**What you should do**
Please, without any pictures, set down exactly the part of the listing below that opens with the line containing "12月20日,美国《科学》杂" and closes with the line containing "Meanwhile, the social".

**Dataset records**
┄┄┄┄┄┄┄┄┄┄

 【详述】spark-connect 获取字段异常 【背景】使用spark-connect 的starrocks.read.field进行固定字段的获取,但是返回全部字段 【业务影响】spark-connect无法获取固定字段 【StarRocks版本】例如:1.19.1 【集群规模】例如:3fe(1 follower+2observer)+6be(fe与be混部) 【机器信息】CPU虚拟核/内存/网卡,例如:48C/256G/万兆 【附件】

┄┄┄┄┄┄┄┄┄┄

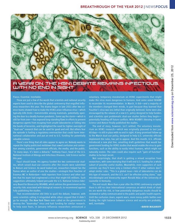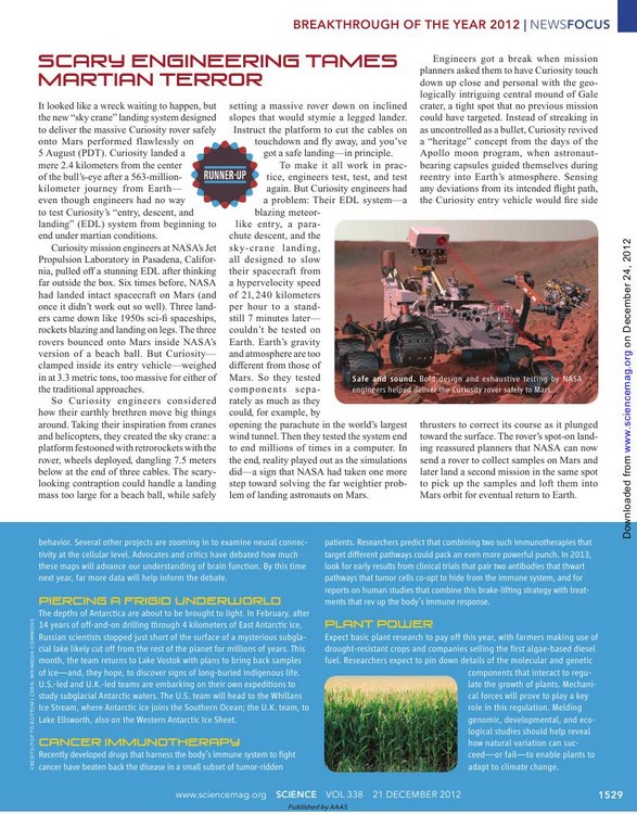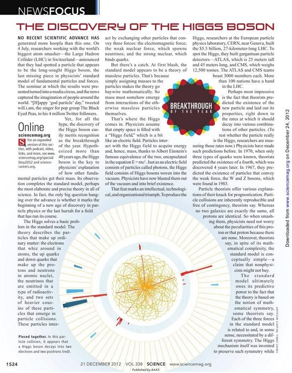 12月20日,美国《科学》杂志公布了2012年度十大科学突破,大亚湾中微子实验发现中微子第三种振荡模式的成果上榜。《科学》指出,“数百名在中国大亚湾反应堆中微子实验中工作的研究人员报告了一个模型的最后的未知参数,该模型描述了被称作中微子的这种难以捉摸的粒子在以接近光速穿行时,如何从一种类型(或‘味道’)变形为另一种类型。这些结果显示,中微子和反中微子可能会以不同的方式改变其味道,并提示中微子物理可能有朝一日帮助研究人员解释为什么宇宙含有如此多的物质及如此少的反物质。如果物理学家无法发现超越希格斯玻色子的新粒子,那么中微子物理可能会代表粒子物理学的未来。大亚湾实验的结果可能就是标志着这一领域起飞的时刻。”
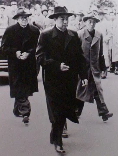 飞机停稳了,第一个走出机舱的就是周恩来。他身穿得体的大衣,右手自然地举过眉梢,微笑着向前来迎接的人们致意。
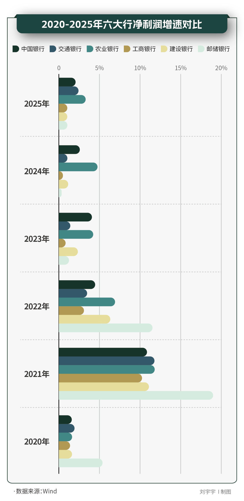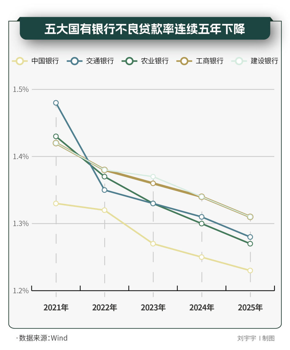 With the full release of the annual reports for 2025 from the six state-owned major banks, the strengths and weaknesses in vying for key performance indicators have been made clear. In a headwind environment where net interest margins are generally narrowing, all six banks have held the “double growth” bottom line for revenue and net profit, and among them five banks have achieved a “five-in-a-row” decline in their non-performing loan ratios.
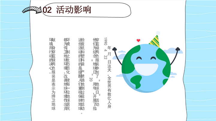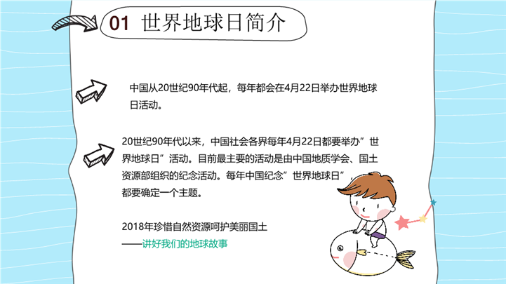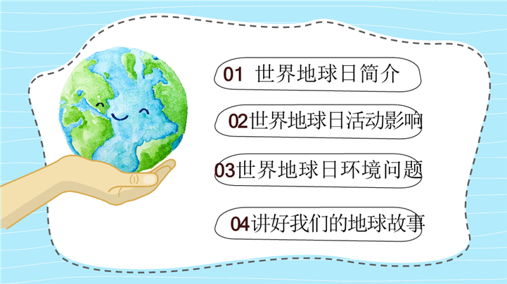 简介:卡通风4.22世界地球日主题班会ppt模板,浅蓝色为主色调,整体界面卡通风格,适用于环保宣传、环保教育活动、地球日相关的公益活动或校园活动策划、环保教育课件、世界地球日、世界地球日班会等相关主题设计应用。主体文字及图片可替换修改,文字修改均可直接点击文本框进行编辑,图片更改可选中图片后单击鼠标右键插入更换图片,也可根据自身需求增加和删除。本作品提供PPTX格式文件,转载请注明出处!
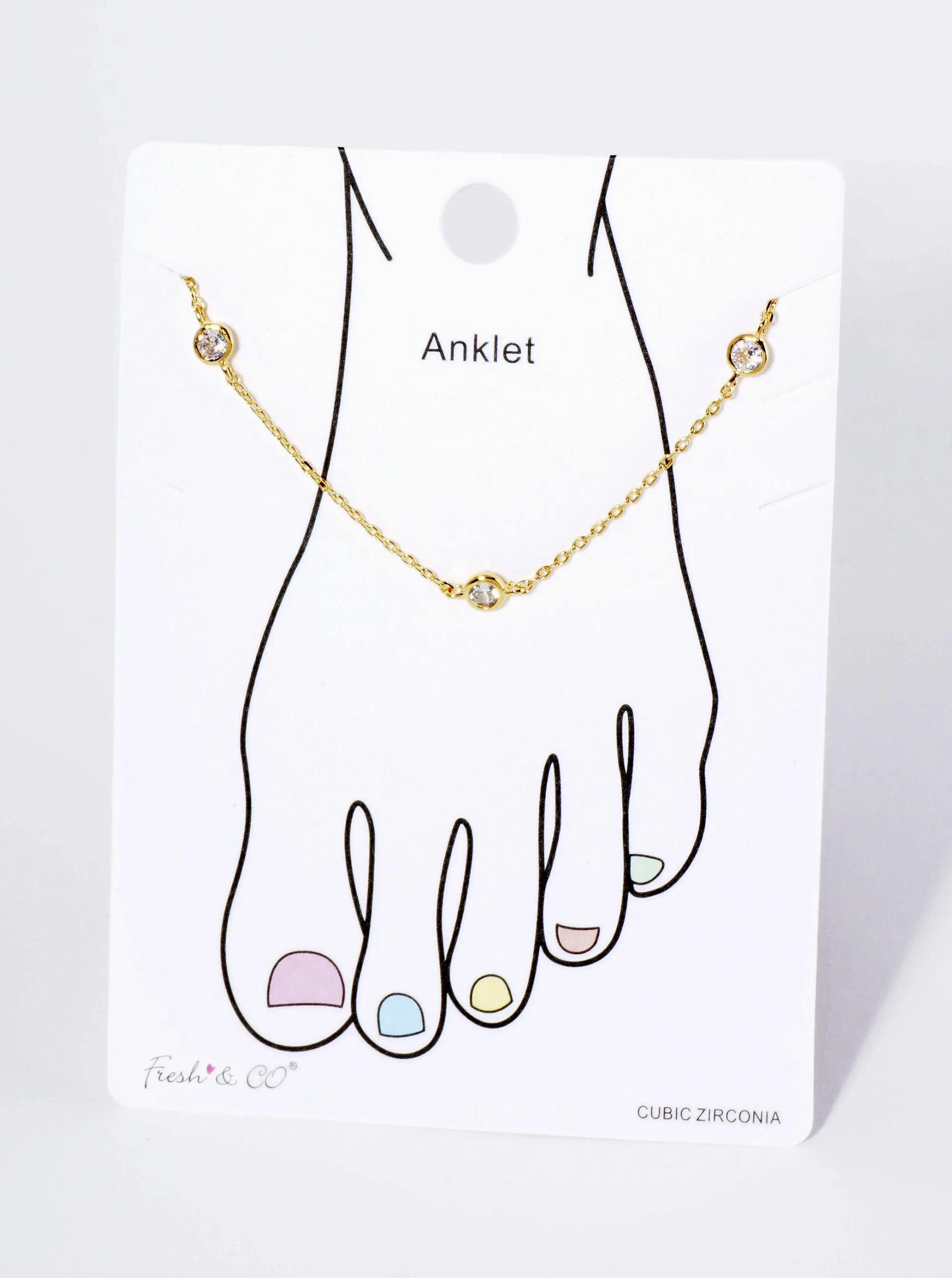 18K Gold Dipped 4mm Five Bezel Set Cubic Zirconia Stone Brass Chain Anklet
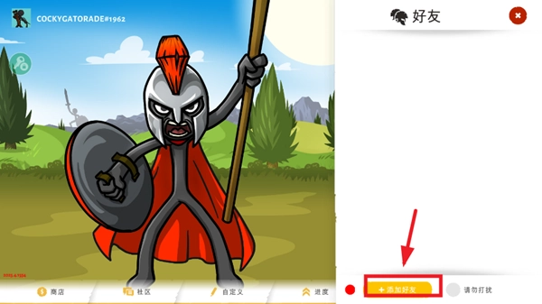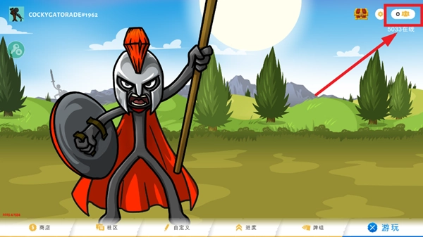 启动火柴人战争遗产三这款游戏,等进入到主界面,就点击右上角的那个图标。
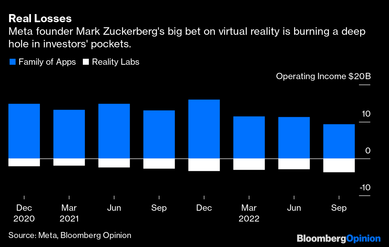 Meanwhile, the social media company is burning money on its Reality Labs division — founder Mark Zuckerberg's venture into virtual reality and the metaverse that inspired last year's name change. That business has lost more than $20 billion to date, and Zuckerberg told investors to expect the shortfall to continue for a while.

┄┄┄┄┄┄┄┄┄┄

**Result of the task**
 12月20日,美国《科学》杂志公布了2012年度十大科学突破,大亚湾中微子实验发现中微子第三种振荡模式的成果上榜。《科学》指出,“数百名在中国大亚湾反应堆中微子实验中工作的研究人员报告了一个模型的最后的未知参数,该模型描述了被称作中微子的这种难以捉摸的粒子在以接近光速穿行时,如何从一种类型(或‘味道’)变形为另一种类型。这些结果显示,中微子和反中微子可能会以不同的方式改变其味道,并提示中微子物理可能有朝一日帮助研究人员解释为什么宇宙含有如此多的物质及如此少的反物质。如果物理学家无法发现超越希格斯玻色子的新粒子,那么中微子物理可能会代表粒子物理学的未来。大亚湾实验的结果可能就是标志着这一领域起飞的时刻。”
 飞机停稳了,第一个走出机舱的就是周恩来。他身穿得体的大衣,右手自然地举过眉梢,微笑着向前来迎接的人们致意。
 With the full release of the annual reports for 2025 from the six state-owned major banks, the strengths and weaknesses in vying for key performance indicators have been made clear. In a headwind environment where net interest margins are generally narrowing, all six banks have held the “double growth” bottom line for revenue and net profit, and among them five banks have achieved a “five-in-a-row” decline in their non-performing loan ratios.
 简介:卡通风4.22世界地球日主题班会ppt模板,浅蓝色为主色调,整体界面卡通风格,适用于环保宣传、环保教育活动、地球日相关的公益活动或校园活动策划、环保教育课件、世界地球日、世界地球日班会等相关主题设计应用。主体文字及图片可替换修改,文字修改均可直接点击文本框进行编辑,图片更改可选中图片后单击鼠标右键插入更换图片,也可根据自身需求增加和删除。本作品提供PPTX格式文件,转载请注明出处!
 18K Gold Dipped 4mm Five Bezel Set Cubic Zirconia Stone Brass Chain Anklet
 启动火柴人战争遗产三这款游戏,等进入到主界面,就点击右上角的那个图标。
 Meanwhile, the social media company is burning money on its Reality Labs division — founder Mark Zuckerberg's venture into virtual reality and the metaverse that inspired last year's name change. That business has lost more than $20 billion to date, and Zuckerberg told investors to expect the shortfall to continue for a while.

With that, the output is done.